▸ **Task directions**:
Nothing but the records, copied exactly and stripped of pictures, should be in the answer.

▸ **Data in this exercise**:
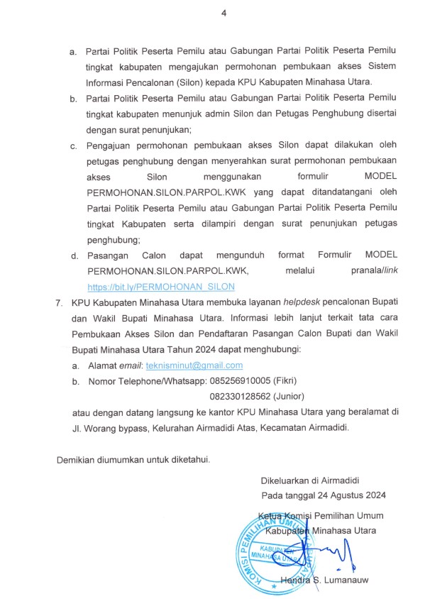 IKNews, MINUT – Komisi Pemilihan Umum (KPU) Kabupaten Minahasa Utara (Minut) resmi mengumumkan jadwal pendaftaran pasangan calon Bupati dan Wakil Bupati untuk Pilkada 2024. Pengumuman ini dikeluarkan berdasarkan ketentuan Pasal 95 ayat (1) Peraturan KPU Nomor 8 Tahun 2024 tentang Pencalonan Kepala Daerah.
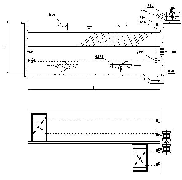 2)進水端沉泥量大,故池內(nèi)集泥槽最好設(shè)在進水端,使大量沉泥刮送距離短,增強排泥效果。
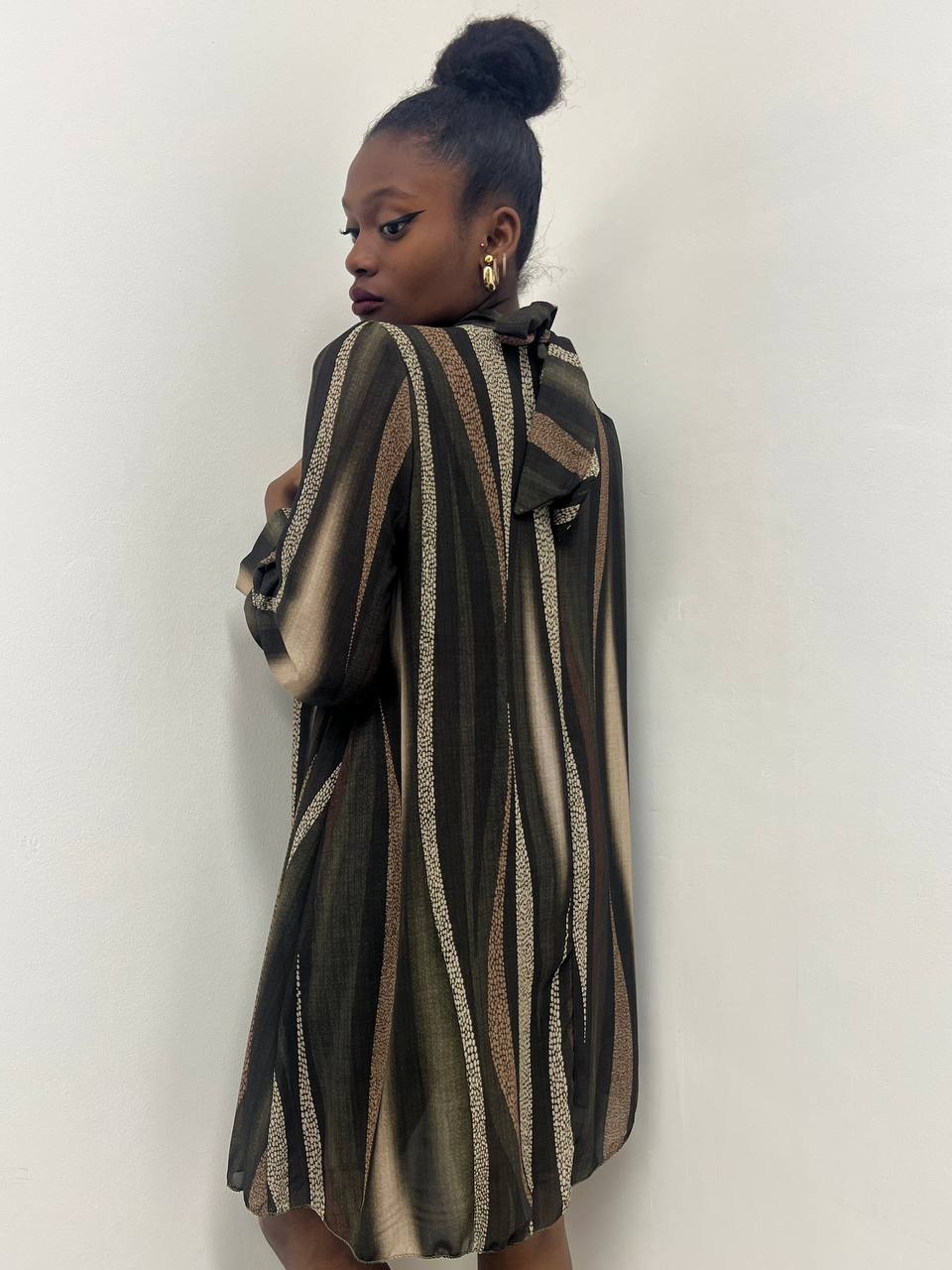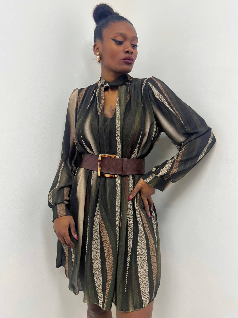 Abito elasticizzato con stampa geometrica su tutta la lunghezza con scollo a goccia con chiusa a lembo. Foderato internamente.
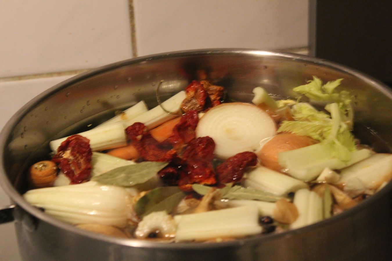 Dann den Topf mit kaltem Wasser auffüllen. Bei mir waren das noch neun Liter. Die größte Herdplatte auf mittlerer Hitze hochfahren lassen. Deckel auf den Topf legen, damit die Flüssigkeit nicht verkocht. Wenn die Brühe ein Mal gekocht hat, auf die kleinste Herdplatte um ziehen und so niedrig einstellen, dass die Brühe nur ganz leicht vor sich hinsimmert.
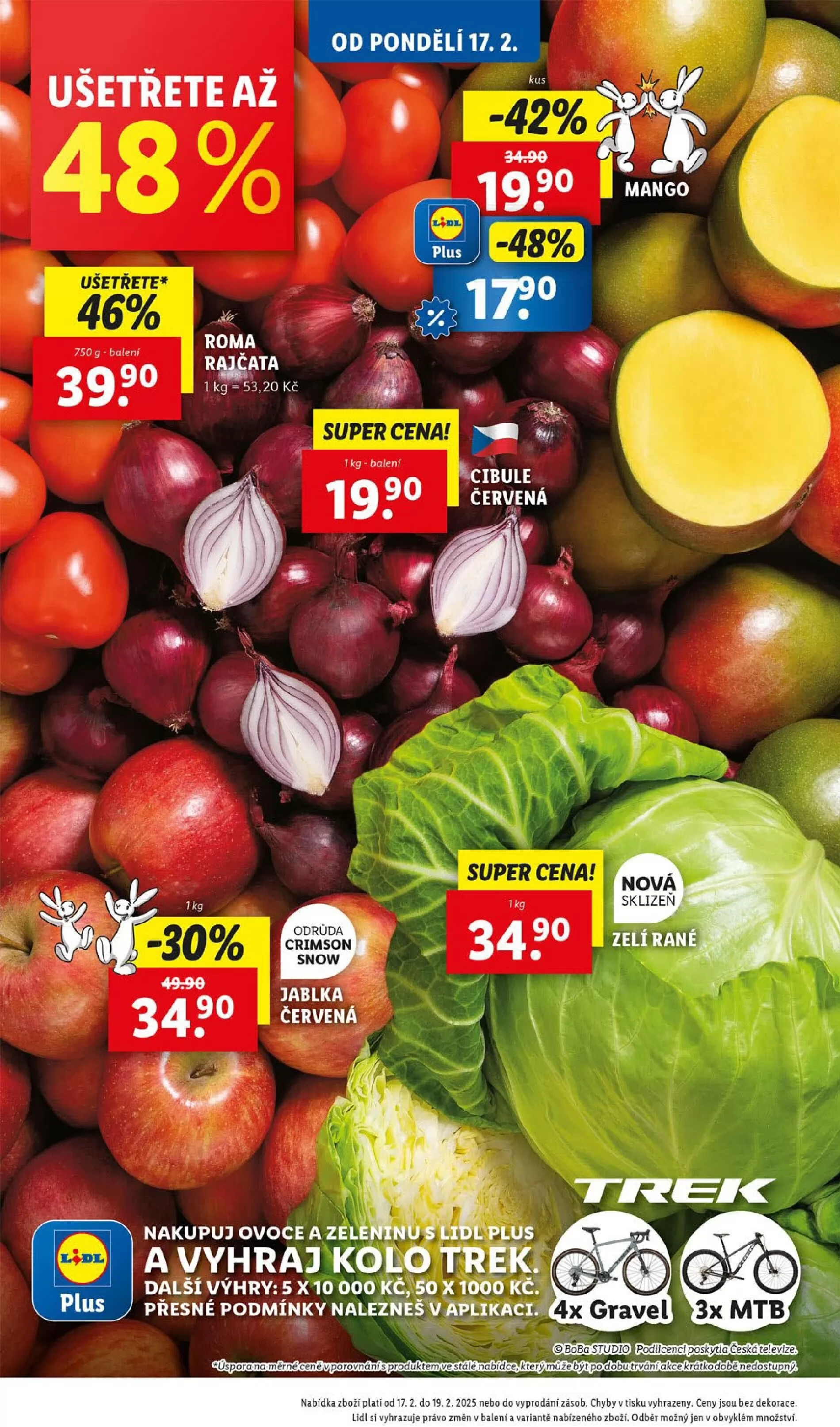 Ušetřete až 42% na vybraných produktech v letáku obchodu Lidl od pondělí 17.2. Mezi nabídkou najdete mango v balení 750 g za super cenu 39,90 Kč. Dále nabízíme rajčata odrůdy Roma za 53,20 Kč za 1 kg a červená jablka za 34,20 Kč za 1 kg. Nezapomeňte také na zelí, které je nyní v akci. Navíc, při nákupu ovoce a zeleniny můžete vyhrát kolo a další skvělé ceny. Akce platí do 19.2.2025 nebo do vyprodání zásob. Ceny jsou bez dekorace a Lidl si vyhrazuje právo na změny v nabídce.
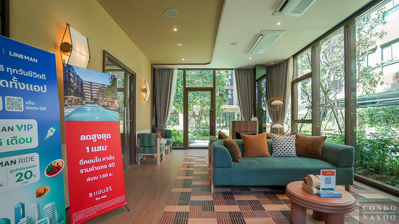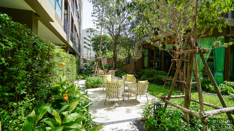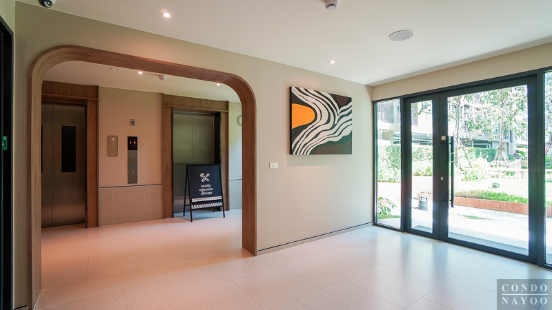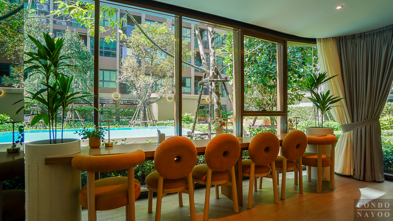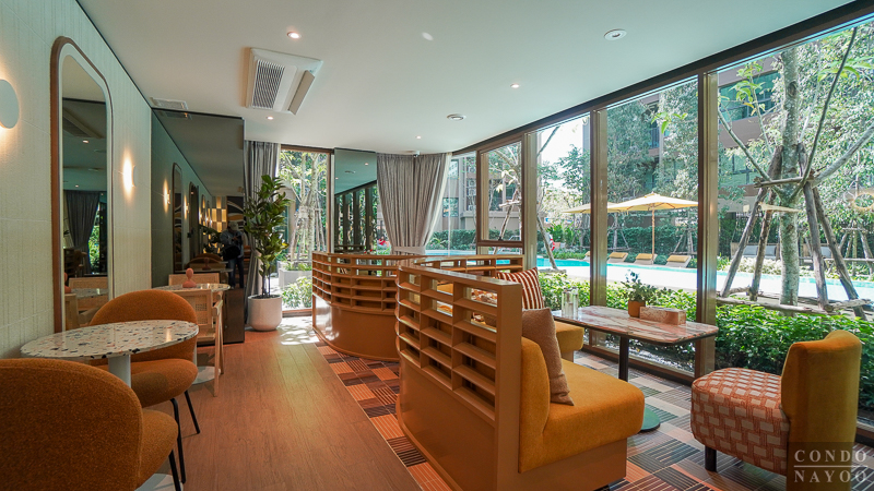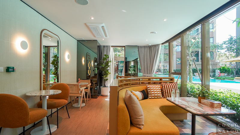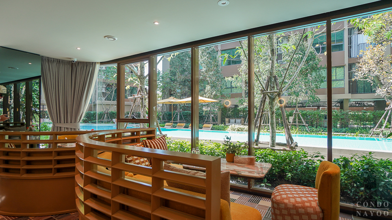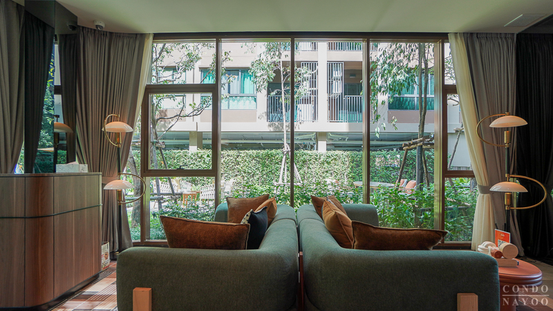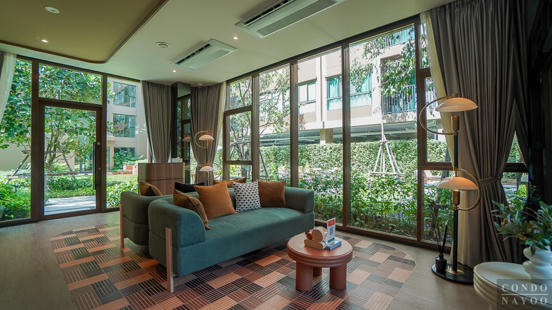 Main Facilities จะอยู่ที่ชั้น 1 ได้แก่ Lobby ที่มองเห็นวิวสวน, Co-working Lounge ที่มีหลายมุมให้เลือกใช้งาน และ Panoramic Gym ห้องฟิตเนสผนังกระจกที่มองเห็นวิวสวนแบบเต็มตา
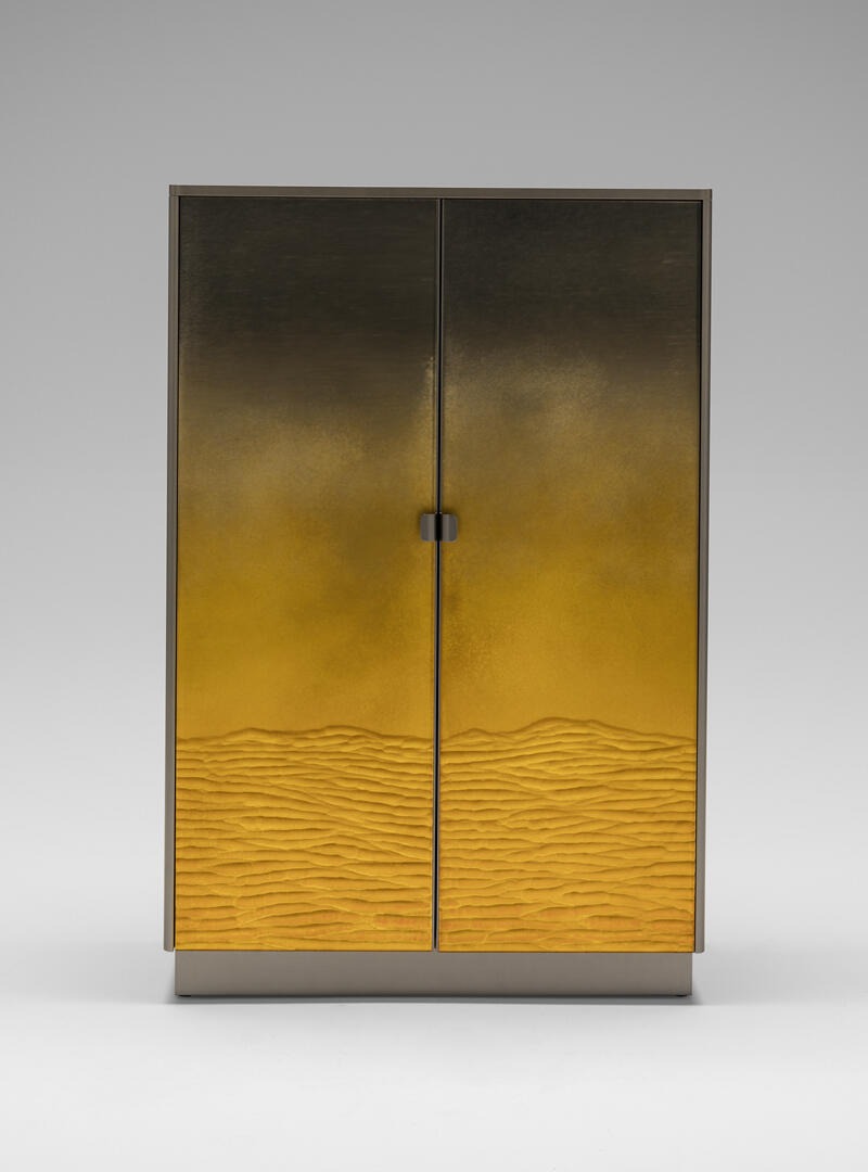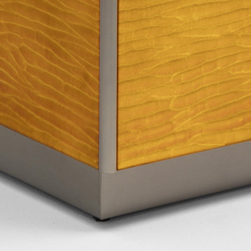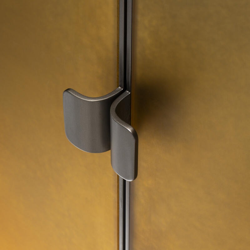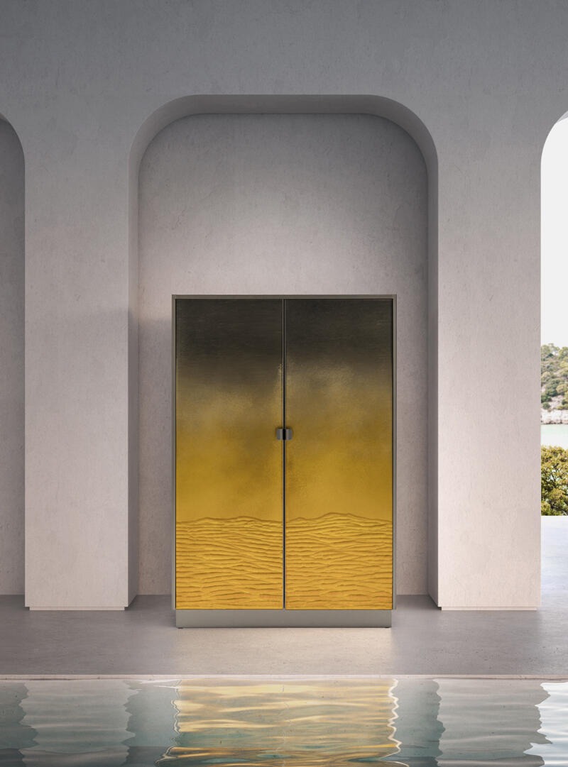 Шкаф с финишным покрытием Gargano из травленого стекла. Плинтус и внешние кромки из полированной латуни, покрытой лаком, внутренняя отделка из матового дуба.
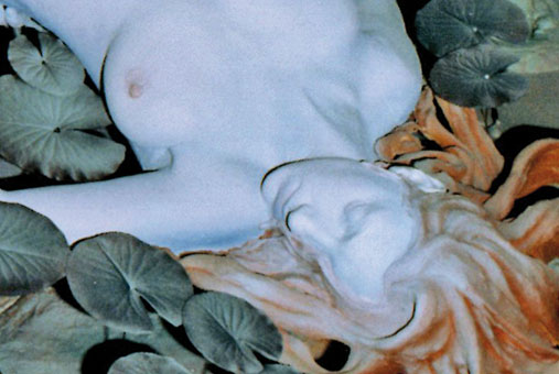 Une sérénité émane de cette réalisation... Le titre est important : Pour une résurrection d'Ophélie. Dans l'imaginaire Ophélie est toujours représentée au clair de Lune, avec des fleurs, sa chevelure et sa robe étalées autour d'elle, flottant sur l'onde, paisible, semblant plus endormie que morte. En effet dans la version envisagée par l'artiste, Ophélie est en attente d'une résurrection.

▸ **Solution**:
 IKNews, MINUT – Komisi Pemilihan Umum (KPU) Kabupaten Minahasa Utara (Minut) resmi mengumumkan jadwal pendaftaran pasangan calon Bupati dan Wakil Bupati untuk Pilkada 2024. Pengumuman ini dikeluarkan berdasarkan ketentuan Pasal 95 ayat (1) Peraturan KPU Nomor 8 Tahun 2024 tentang Pencalonan Kepala Daerah.
 2)進水端沉泥量大,故池內(nèi)集泥槽最好設(shè)在進水端,使大量沉泥刮送距離短,增強排泥效果。
 Abito elasticizzato con stampa geometrica su tutta la lunghezza con scollo a goccia con chiusa a lembo. Foderato internamente.
 Dann den Topf mit kaltem Wasser auffüllen. Bei mir waren das noch neun Liter. Die größte Herdplatte auf mittlerer Hitze hochfahren lassen. Deckel auf den Topf legen, damit die Flüssigkeit nicht verkocht. Wenn die Brühe ein Mal gekocht hat, auf die kleinste Herdplatte um ziehen und so niedrig einstellen, dass die Brühe nur ganz leicht vor sich hinsimmert.
 Ušetřete až 42% na vybraných produktech v letáku obchodu Lidl od pondělí 17.2. Mezi nabídkou najdete mango v balení 750 g za super cenu 39,90 Kč. Dále nabízíme rajčata odrůdy Roma za 53,20 Kč za 1 kg a červená jablka za 34,20 Kč za 1 kg. Nezapomeňte také na zelí, které je nyní v akci. Navíc, při nákupu ovoce a zeleniny můžete vyhrát kolo a další skvělé ceny. Akce platí do 19.2.2025 nebo do vyprodání zásob. Ceny jsou bez dekorace a Lidl si vyhrazuje právo na změny v nabídce.
 Main Facilities จะอยู่ที่ชั้น 1 ได้แก่ Lobby ที่มองเห็นวิวสวน, Co-working Lounge ที่มีหลายมุมให้เลือกใช้งาน และ Panoramic Gym ห้องฟิตเนสผนังกระจกที่มองเห็นวิวสวนแบบเต็มตา
 Шкаф с финишным покрытием Gargano из травленого стекла. Плинтус и внешние кромки из полированной латуни, покрытой лаком, внутренняя отделка из матового дуба.
 Une sérénité émane de cette réalisation... Le titre est important : Pour une résurrection d'Ophélie. Dans l'imaginaire Ophélie est toujours représentée au clair de Lune, avec des fleurs, sa chevelure et sa robe étalées autour d'elle, flottant sur l'onde, paisible, semblant plus endormie que morte. En effet dans la version envisagée par l'artiste, Ophélie est en attente d'une résurrection.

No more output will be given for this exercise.